> [EXCERPTED DATA]:
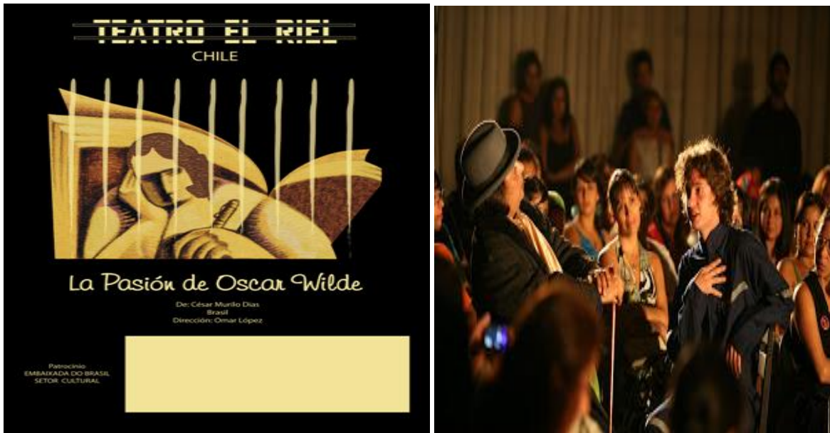
“LA PASION DE OSCAR WILDE” (2009)
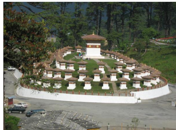
Dochula Pass & Dochula Chorten

I Punakha besöker ni landets viktigaste Dzong; det tidigare regeringsfästet i Bhutan, Punakha Dzong. Detta vackra fort har genom åren eldhärjats svårt, skadats i jordbävning och översvämmats av flodmassor.
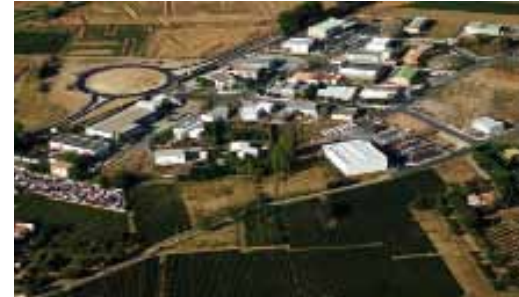
Le parc d'activités «La Garrigue» bientôt requalifié
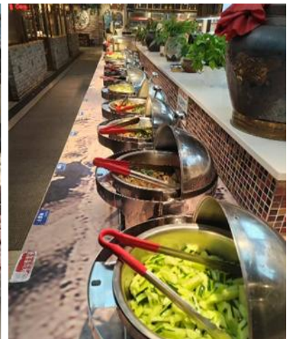
ที่พัก REZEN SUNGO HOTEL หรือระดับเทียบเท่า 4 ดาว(มาตรฐานจีน)
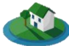
Calidad y espacios en la vivienda
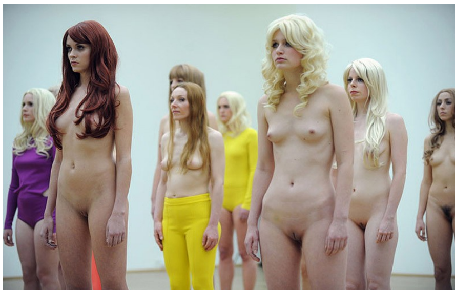
Ил. 11. Одна из инсталляций Ванессы Бикрофт

В ее работах часто появляются группы молодых обнаженных моделей с бессмысленными выражениями лиц. А на больших картинах Дженни Савий можно видеть фигуры бесстыдных обнаженных женщин, показанных с невыгодных точек зрения.
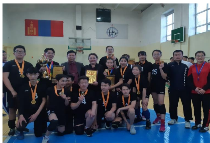
2018-2019 ХИЧЭЭЛИЙН ЖИЛИЙН САШ ВОЛЕЙБОЛЫН ТЭМЦЭЭН
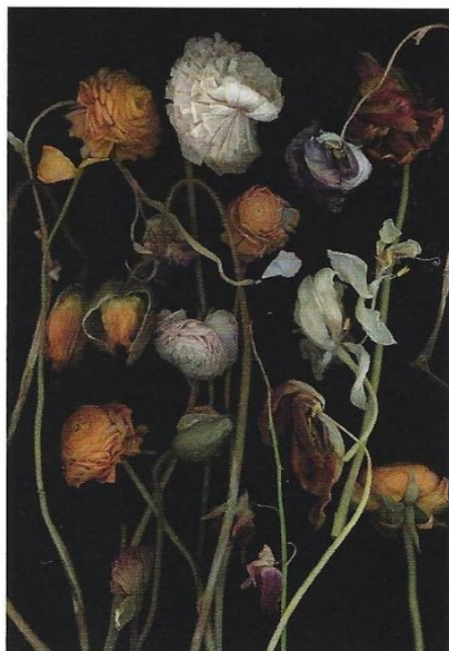
Stockage 182, 2019, 177 x 122 cm © Luzia Simons
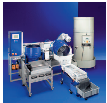
M50 im Betrieb | M50 at work
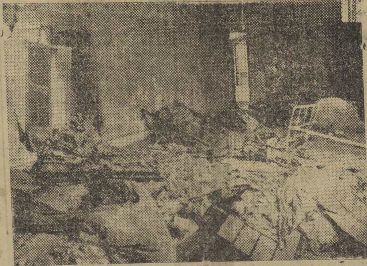
MOTRIL.—Una de las salas del Hospital de Santa Ana, donde cayó y explotó una de las bombas arrojadas por los aviones rojos el 17 de Junio de 1937, haciendo muchos muertos entre los enfermos que allí se encontraban.

BRUSELAS, 6.—Han llegado a esta ciudad numerosos evacuados de Bilbao, entre los que figuran niños y personas mayores.
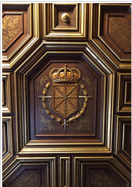
Detalle del escudo del Salón de Sesiones, antes de su restauración.
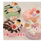
ドーナツデコ ハンドメイドショップ flagsflag ¥1100(20分)
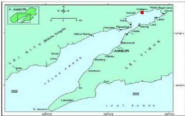
Gambar 1. Peta Lokasi Penelitian pada Hutan Mangrove Pantai Waiheru - Teluk Ambon Dalam

Penelitian ini dilalsanakan pada bulan desember 2015 sampai Januari 2016 pada kawasan mangrove Waiheru Teluk Ambon Dalam. Lokasi penelitian ditentukan secara purposive dengan pertimbangan letak ekosistem hutan mangrove sebagai stasiun pengamatan yang berada di Teluk Ambon Dalam (Gambar 1). Terlatak pada Posisi 3°38'2.09" LS - 128°12'59.02" BT.
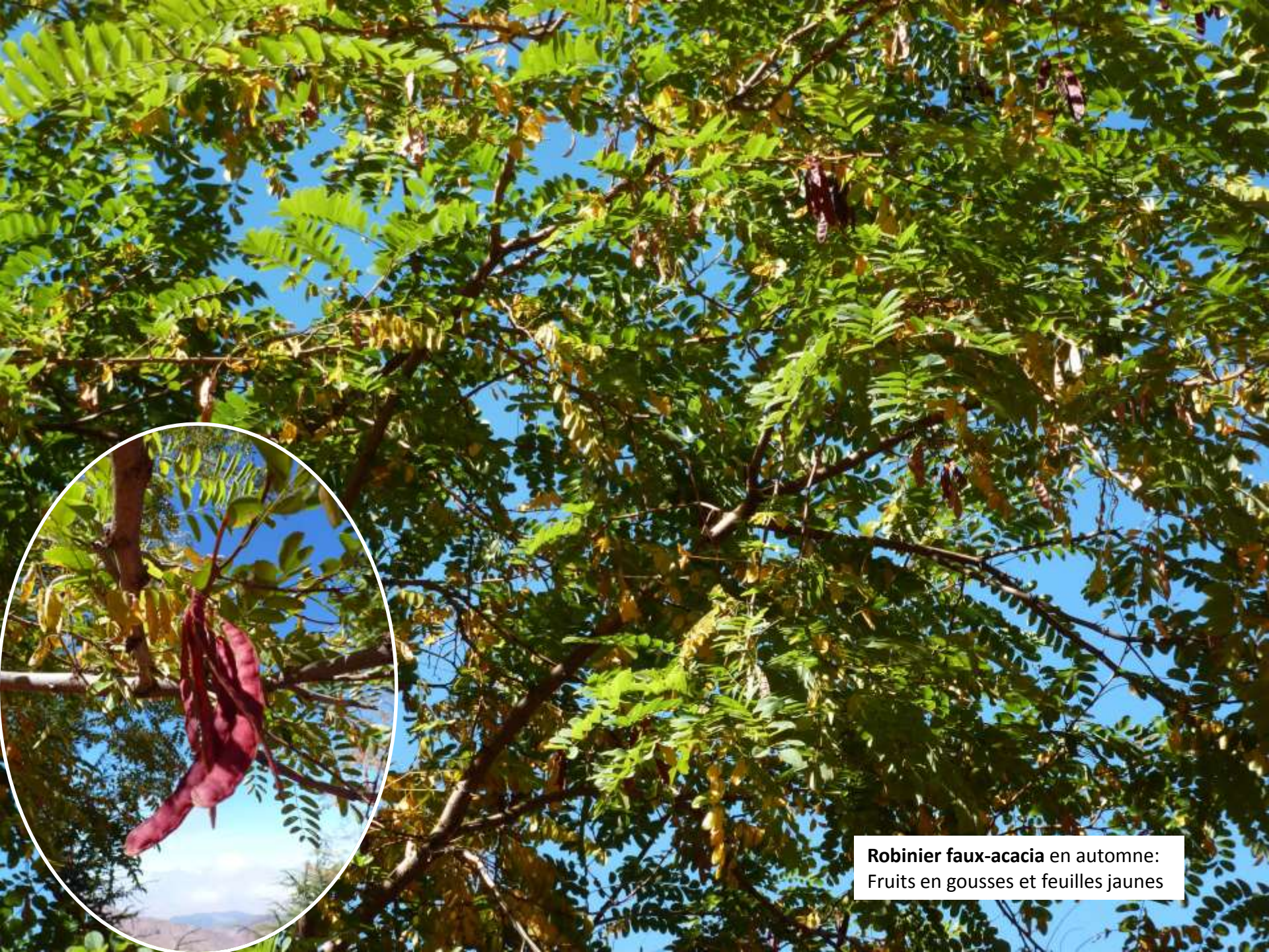
Robinier faux-acacia en automne: Fruits en gousses et feuilles jaunes

> [TASK DETAILS]: With the pictures dropped, give every entry above again exactly.

> [REPLY TO THE EXERCISE]:
“LA PASION DE OSCAR WILDE” (2009)
Dochula Pass & Dochula Chorten

I Punakha besöker ni landets viktigaste Dzong; det tidigare regeringsfästet i Bhutan, Punakha Dzong. Detta vackra fort har genom åren eldhärjats svårt, skadats i jordbävning och översvämmats av flodmassor.
Le parc d'activités «La Garrigue» bientôt requalifié
ที่พัก REZEN SUNGO HOTEL หรือระดับเทียบเท่า 4 ดาว(มาตรฐานจีน)
Calidad y espacios en la vivienda
Ил. 11. Одна из инсталляций Ванессы Бикрофт

В ее работах часто появляются группы молодых обнаженных моделей с бессмысленными выражениями лиц. А на больших картинах Дженни Савий можно видеть фигуры бесстыдных обнаженных женщин, показанных с невыгодных точек зрения.
2018-2019 ХИЧЭЭЛИЙН ЖИЛИЙН САШ ВОЛЕЙБОЛЫН ТЭМЦЭЭН
Stockage 182, 2019, 177 x 122 cm © Luzia Simons
M50 im Betrieb | M50 at work
MOTRIL.—Una de las salas del Hospital de Santa Ana, donde cayó y explotó una de las bombas arrojadas por los aviones rojos el 17 de Junio de 1937, haciendo muchos muertos entre los enfermos que allí se encontraban.

BRUSELAS, 6.—Han llegado a esta ciudad numerosos evacuados de Bilbao, entre los que figuran niños y personas mayores.
Detalle del escudo del Salón de Sesiones, antes de su restauración.
ドーナツデコ ハンドメイドショップ flagsflag ¥1100(20分)
Gambar 1. Peta Lokasi Penelitian pada Hutan Mangrove Pantai Waiheru - Teluk Ambon Dalam

Penelitian ini dilalsanakan pada bulan desember 2015 sampai Januari 2016 pada kawasan mangrove Waiheru Teluk Ambon Dalam. Lokasi penelitian ditentukan secara purposive dengan pertimbangan letak ekosistem hutan mangrove sebagai stasiun pengamatan yang berada di Teluk Ambon Dalam (Gambar 1). Terlatak pada Posisi 3°38'2.09" LS - 128°12'59.02" BT.
Robinier faux-acacia en automne: Fruits en gousses et feuilles jaunes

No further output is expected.